James looked into the furious face so close to his and grappled for his sword. When he could not find it, he gave one last flail, lifted his hand and let it fall. He lay motionless and still, looking blankly into space.
“James.” Katherine cried his name several times but there was no response even when she touched him and shook his shoulders. Finally she drove her sharp nails into his hand. There was no movement even though the blood ran.
She drew the bedgown tighter around her and pulled the cloak James had worn earlier over that. It was deep red and her green eyes were lit with its color. Her anguish was not of words or tears. She looked at the still body of the man she loved and who was so wounded. Then she called for the servant who was then dispa
tched for Sir Anselm.
The scene told its own story. He knew no way to be gentle and felt partly to blame that he had urged her to this course.
“He was pushed too far and he has retreated. There is no fault to be placed. Who could know how it was to be? London is now doubly necessary for him to be helped. Let him rest for the next several days and we have time to see.”

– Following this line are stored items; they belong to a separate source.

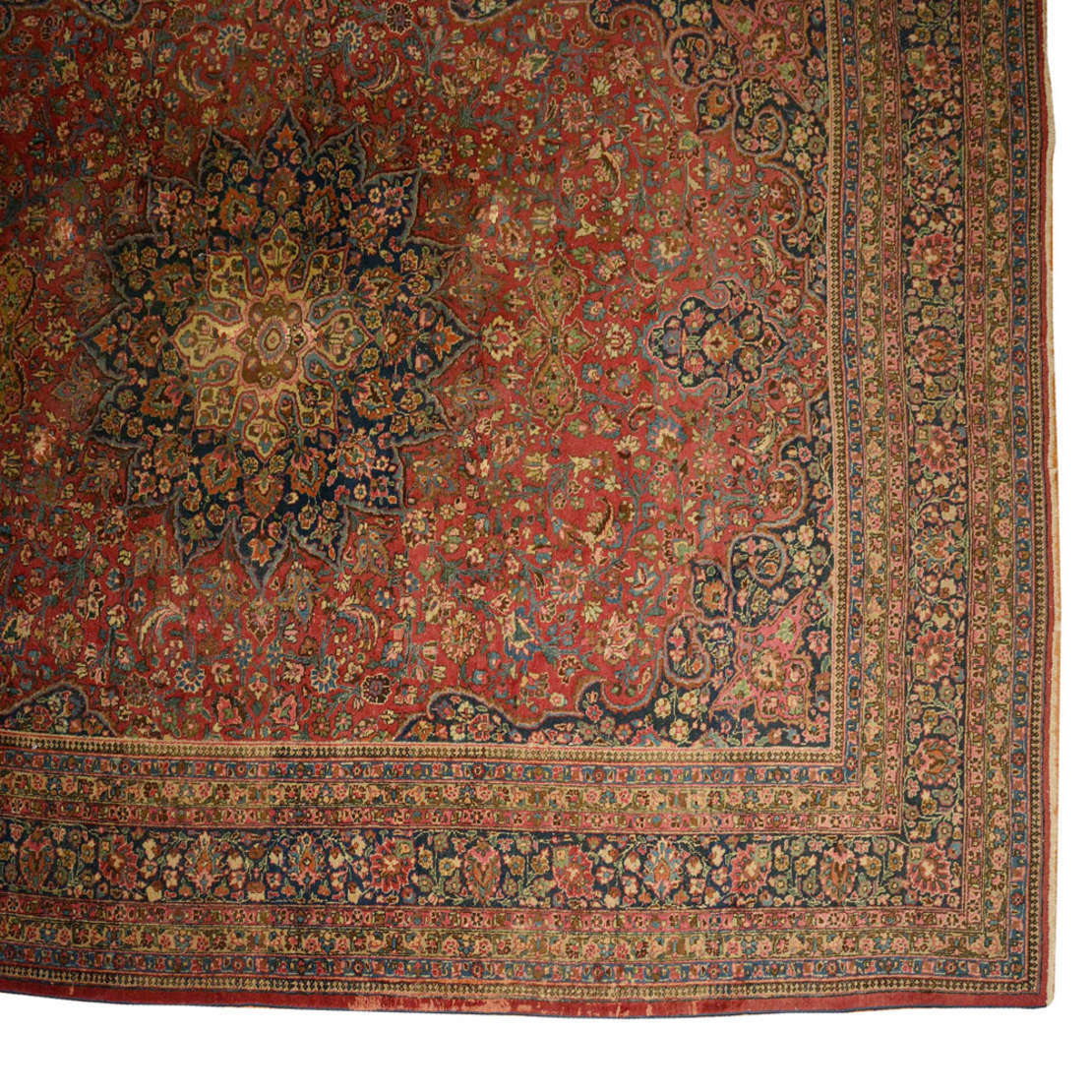 Tapete oriental decorado com motivos geométricos nos tons vermelho, verde azul e bege.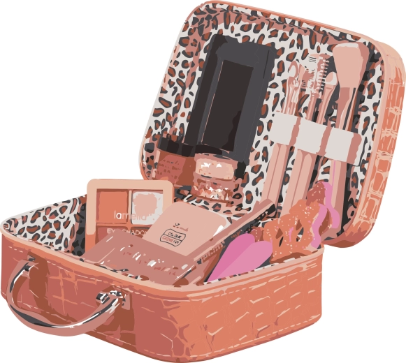 Sminkes bőrönd. Méret: 19 cm. Tartalmaz tükröt, műkörmöket, ajakfényt, pirosítót, szemhéjfestéket, körömreszelőket, ecsetkészletet, ajakbalzsamot, szemceruzát, csillogó díszítéseket.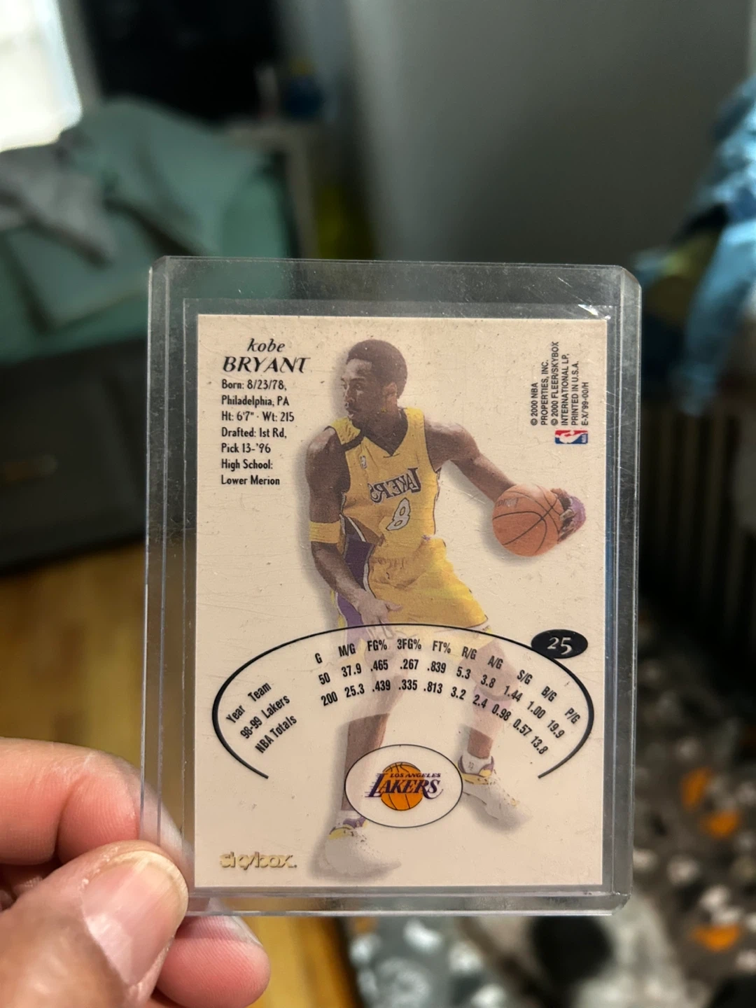This is a 2000 Fleer Exclusive basketball card featuring Kobe Bryant. It's from the 95-96 Lakers season. The card has stats and biographical information printed on the back.

They sat with James for the remainder of the night and into the next day. By that time Sir Anselm was able to say with authority that Lord James went in no danger of his life.

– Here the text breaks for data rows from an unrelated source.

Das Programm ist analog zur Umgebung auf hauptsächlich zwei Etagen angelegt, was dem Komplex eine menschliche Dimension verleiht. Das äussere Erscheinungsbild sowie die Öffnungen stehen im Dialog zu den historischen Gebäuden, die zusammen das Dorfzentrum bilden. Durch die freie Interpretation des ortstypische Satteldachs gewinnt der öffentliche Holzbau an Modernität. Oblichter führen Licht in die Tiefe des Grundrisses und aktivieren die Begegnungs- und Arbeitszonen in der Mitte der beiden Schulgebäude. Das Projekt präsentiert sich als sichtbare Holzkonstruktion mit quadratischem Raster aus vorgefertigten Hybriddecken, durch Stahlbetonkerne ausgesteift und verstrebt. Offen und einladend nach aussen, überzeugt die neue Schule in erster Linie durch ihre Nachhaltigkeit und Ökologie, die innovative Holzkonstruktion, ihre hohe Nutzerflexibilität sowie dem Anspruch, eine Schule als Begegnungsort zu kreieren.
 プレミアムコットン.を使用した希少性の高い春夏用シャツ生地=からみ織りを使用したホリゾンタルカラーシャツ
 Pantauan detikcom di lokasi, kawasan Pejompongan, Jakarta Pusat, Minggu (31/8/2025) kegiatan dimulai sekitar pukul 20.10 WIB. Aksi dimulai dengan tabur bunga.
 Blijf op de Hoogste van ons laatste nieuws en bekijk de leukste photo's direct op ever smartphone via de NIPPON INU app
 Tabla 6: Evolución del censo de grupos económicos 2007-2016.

Katherine, pale and composed, acquainted Lord Carmartin with the situation, saying at the end, “We will go to my lord’s house in London as soon as he is able so that he may be treated. The King must be informed of these developments so that no strain rests on our name.”
He looked at her, “This is all rather convenient, is it not, Madam?”
“Do you think that the King’s own physician connives?”
“I am a soldier bidden to my duty. It is not seemly that we quarrel.”
“I am not seemly when I fight for my life and that of my husband?” Her words were icy.
Wearily he shifted his weight from one foot to the other. Adder of a woman! No wonder poor Lord James was ill. His shallow sympathies swung round and he tried to reassure her. “Neither of you is in any danger of losing your life, Lady Katherine. I marvel that you thought you ever were. Matters will soon be put to rights when the physicians have found the nature of his illness.”
“I thank you.” Katherine took gracious leave of the commander and went to prepare for yet another journey. Whatever the future brought it would be better than this limbo to which she had been confined for the past few months.
Five days later they left for London. It was anti-climactic to see how easily the leavetaking was accomplished after all the difficulties. James sat easily astride his horse and responded to directions as his body adapted to the saddle. He ate and drank when presented with refreshment. There were no problems though Katherine flinched to see the docility of the hawk.